Reuters reported Monday that the Public Accounts Committee (PAC), the body responsible for overseeing government financial affairs, has invited executives from the three corporations to give evidence about their financial practices even as the public and politicians alike grow increasingly irate over international companies’ ability to engage in tax avoidance.

“It is hard for the ordinary person to believe it’s fair,” said Margaret Hodge in the report. Hodge, a member of Parliament for the Labour party and chairman of PAC, continued, “It makes people incredibly angry in the current fiscal climate.”

Britain is not the only country to seek larger tax receipts from multinational corporations. Germany, along with Britain, had announced last week that they both intended to compel G20 economic officials to crack down on multinationals that do not pay their “fair share” of taxes, after numerous reports that large companies took advantage of loopholes to cut or eliminate their tax bills.

An October Reuters report revealed that Starbucks had paid neither corporate nor income taxes in the U.K. for the past three years, and indeed forked over only 8.6 million pounds ($13.74 million) in total taxes to Britain over a 13-year period during which it recorded sales of 3.1 billion pounds.

The group U.K. Uncut has voiced its opposition to government austerity measures and has put together protests against British telecom operator Vodafone and pharmacist Boots over their tax practices, issued a statement Monday saying that it planned to target Starbucks.

The American coffee company said it followed the tax rules in every country where it operates and sought to pay its fair share of taxes, and a spokeswoman was quoted in the report saying, “We are committed to being transparent on this issue and look forward to appearing before this committee.”

According to a PAC spokesman, not only Starbucks’ CFO Tory Alstead will give evidence before the committee, but so will Matt Brittin, CEO of Google U.K., and Andrew Cecil, Brussels-based director of public policy for Amazon.

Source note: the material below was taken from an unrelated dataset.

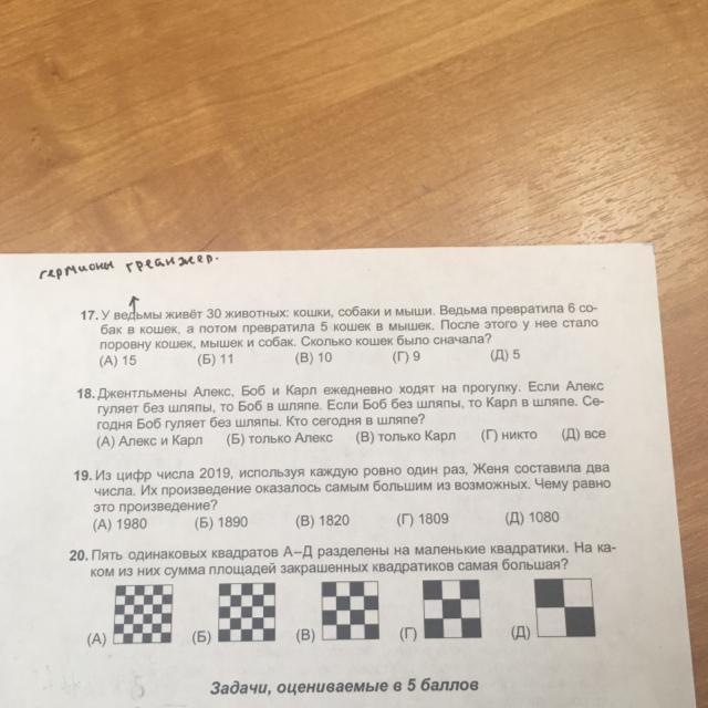 17. У ведьмы живёт 30 животных : кошки , собаки и мыши. Ведьма превратила 6 собак в кошек, а потом превратила 5 кошек в мышек. После этого у неё стало поровну кошек , мышек и собак. Сколько кошек было сначала ?

According to Google’s filings, had $4 billion in U.K. sales in 2011, but its main U.K. division paid only 3.4 million pounds for the year despite a groupwide profit margin of 33%. Google channels its non-U.S. sales through an Irish division to avoid U.K. tax. This way it only pays taxes of 3.2% on its non-U.S. profits.

In 2011, Amazon’s main U.K. division paid less than 1 million pounds in income tax on U.K. sales of $5.3–7.2 billion, according to its filings. The megaseller funnels its European sales through a division based in Luxembourg, thus paying only 11% on its foreign profits in 2011. That’s less than half its major markets’ average corporate income tax rate.

Hodge and former financial services minister Paul Myners said in the report that the government should consider a new revenue-based tax to keep profits from U.K. sales within the country.